[Data excerpts]
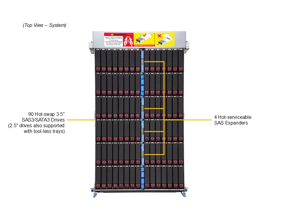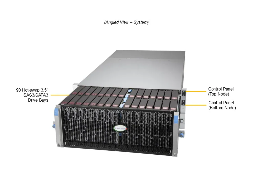 O SSG-542B-DE1CR90 suporta até 90 baias hot-swap SAS/SATA de 3,5″/2,5″ e 2 baias NVMe internas.
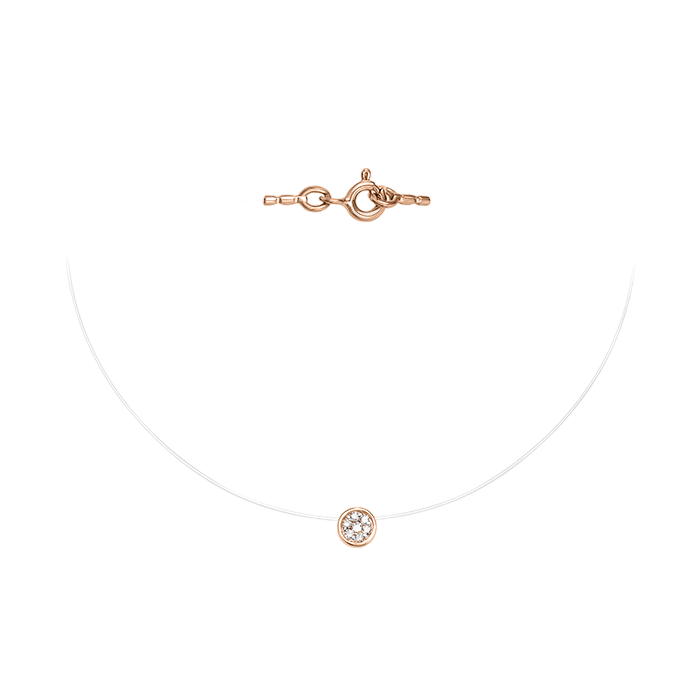 Unsichtbare Halskette mit Goldanhänger aus russischem Rotgold 585 und 7 Brillanten (0,045 ct GSI)
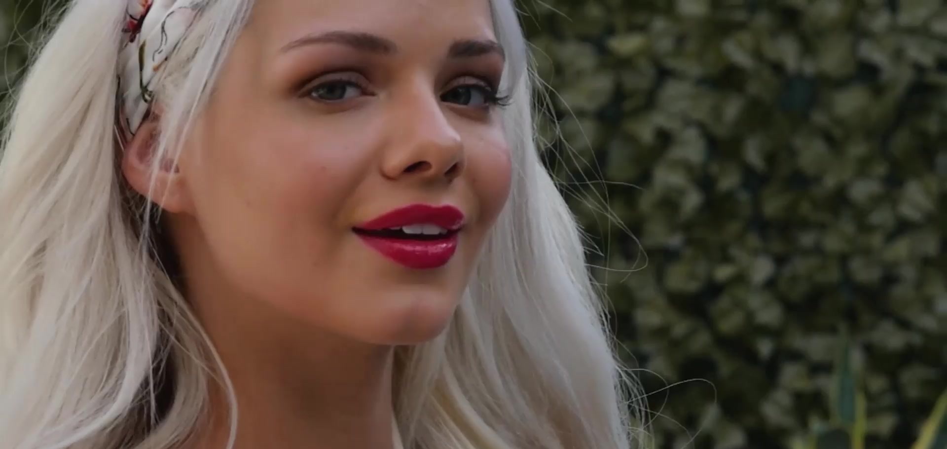 Description: Skinny blonde babe Elsa Jean with small tits in sexy red bikini is going to the pool She takes off her bran and panties slowly and she is showing us her perfect tits and her shaved pussy then she goes into the water to cool down her hot body
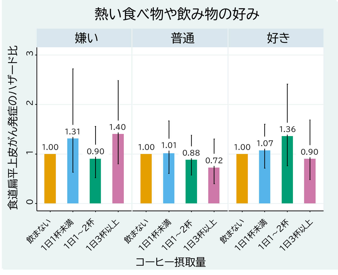 熱い飲食物を好む人および好まない人のどちらにおいても、コーヒー摂取は食道扁平上皮がんの罹患リスクと明確な関連を認めず
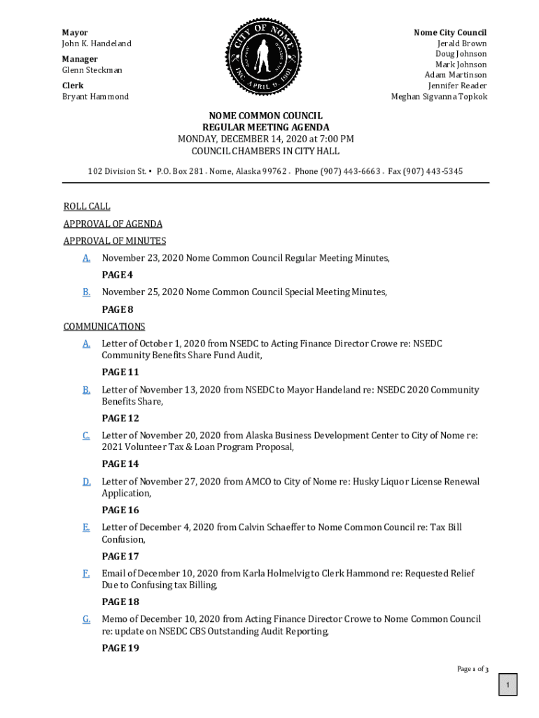 Get the free Nome City Council Jerald Brown Doug Johnson Mark Johnson ...
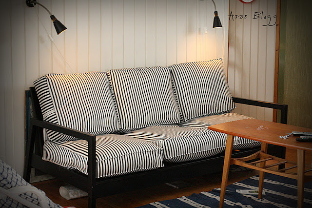 Idag fick jag äntligen prova mitt lilla projekt i sommarhuset. Jag har varit sugen på att köpa Bemz snygga överdrag till min Lillbergssoffa i Sommarhuset.
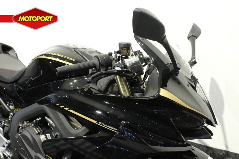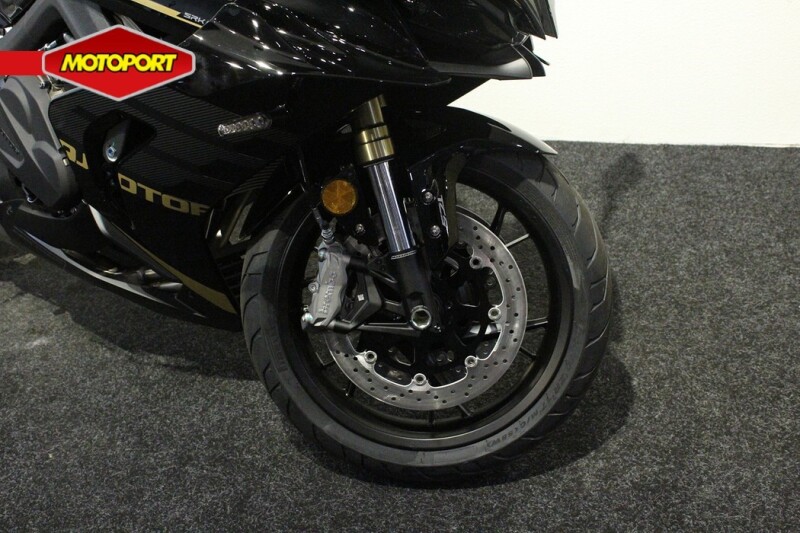Deze SRK 800 RR geeft een ongelooflijk gevoel dankzij de hoogwaardige, instelbare voorvering van Marzocchi en een instelbare schokdemper van Marzocchi achter. Het Brembo-remsysteem biedt een superieure remkracht met dubbele 320 mm schijven voor en een enkele 260 mm schijf achter. Deze functies, gecombineerd met lichtgewicht lichtmetalen velgen, geven een opwindend en zelfverzekerd gevoel. De velgen hebben een afmeting van 120/70 ZR17 voor en 180/55 ZR17 achter. Ze zijn voorzien van Pirelli Angel GT-banden.
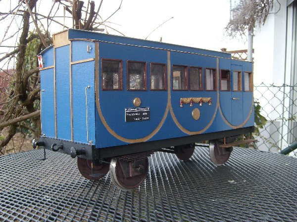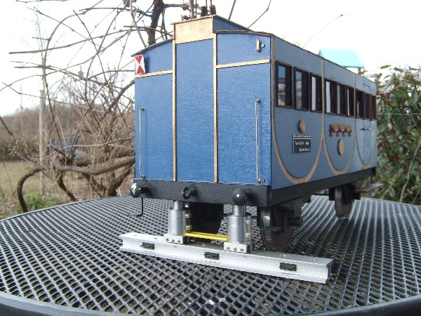 ja es ist richtig der Wagen ist ein kompletter Eigenbau aus Sperrrholz und lehnt sich an ein Vorbild des früheren bayrischen Hofzuges an. Diese Wagen waren zwar alle 3- achsig (wie auch dieses Modell, was ursprünglich mal eine Schaufensterdeko war). Zur Simulation des Eingleisens ist die dritte Achse aber sehr hinderlich, weil der gesamte Wagen sonst so stark angehoben werden muss, das auch die mittelere Achse über die Schienen gehoben werden kann. Also wurde die Achse demontiert.
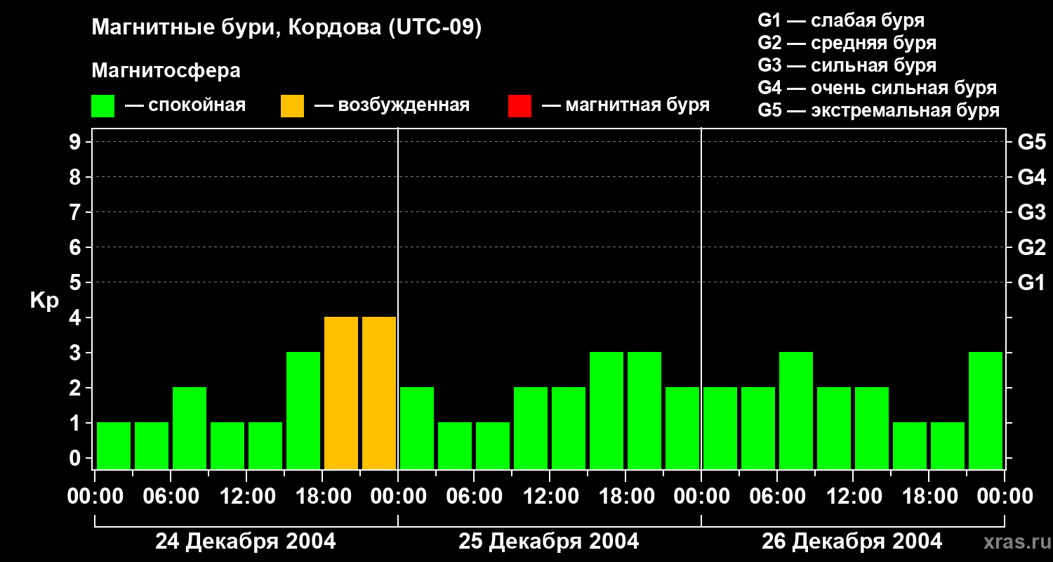 Изменения геомагнитного индекса Kp с 24 по 26 декабря 2004 года для средних широт
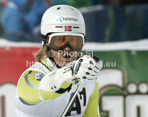 : Leif Kristian Haugen of Norway reacts in finish of first run of men giant slalom race of Audi FIS Alpine skiing World cup 2012-2013 in Soelden, Austria. First men giant slalom race of Audi FIS Alpine skiing World cup was held on Rettenbach glacier above Soelden, Austria, on Sunday, 28th of October 2012.

§ **What the exercise asks**
Copy out the lines above from the line containing "Get the free" through the line containing "Deze SRK 800", exactly, and keep the pictures out.

§ **Result of the task**
 Get the free Nome City Council Jerald Brown Doug Johnson Mark Johnson ...
 Idag fick jag äntligen prova mitt lilla projekt i sommarhuset. Jag har varit sugen på att köpa Bemz snygga överdrag till min Lillbergssoffa i Sommarhuset.
Deze SRK 800 RR geeft een ongelooflijk gevoel dankzij de hoogwaardige, instelbare voorvering van Marzocchi en een instelbare schokdemper van Marzocchi achter. Het Brembo-remsysteem biedt een superieure remkracht met dubbele 320 mm schijven voor en een enkele 260 mm schijf achter. Deze functies, gecombineerd met lichtgewicht lichtmetalen velgen, geven een opwindend en zelfverzekerd gevoel. De velgen hebben een afmeting van 120/70 ZR17 voor en 180/55 ZR17 achter. Ze zijn voorzien van Pirelli Angel GT-banden.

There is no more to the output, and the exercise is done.